The defendants testifies that they were in their car at the northeast corner of the intersection of Jefferson and Fifth streets when the plaintiff was proceeding south on Jefferson street; that plaintiff was exceeding a speed of 15 miles per hour, and ran over the intersection without stopping, in violation of the ordinances of the city; that they followed him for the purpose of arresting him for the violation of the ordinances; and that what they did was done in their attempt to arrest him. They also testified that they made no attempt to arrest him after he got beyond the city limits, and denied that they crowded or forced him off the road or caused his car to overturn. They stated that they ran past the plaintiff, and stopped in the road ahead of him for the purpose of discovering his identity, and that they were 400 feet ahead of him when his car overturned. It is conceded that defendants had no warrant for plaintiff's arrest.
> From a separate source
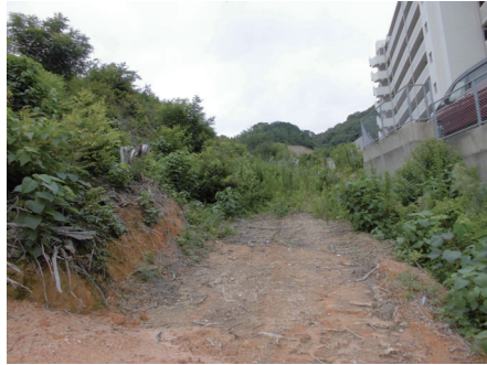
現況写真(2020.09) 雑草あり 伐根 造成工事必要

The court, at the instance of the plaintiff, gave to the jury an instruction advising them that the defendants had no right to make arrests outside of the limits of the city of Washington without being in possession of a warrant authorizing them so to do. ?he action of the court in giving this instruction is assigned as error here. The defendants insist that, under the provisions of sections 8239 and 8240, R. S. 1919, they had the power as marshal and assistant marshal of the city of Washington to make arrests without process in cases of offenses against the laws of the city committed In their presence, and that they were also clothed with power to pursue the plaintiff beyond the limits of the city in order to effectuate his arrest. The sections of the statute relied on are as follows:

"Sec. 8239. The marshal shall be chief of police, and shall have power at all times to make or order an arrest with proper process, for any...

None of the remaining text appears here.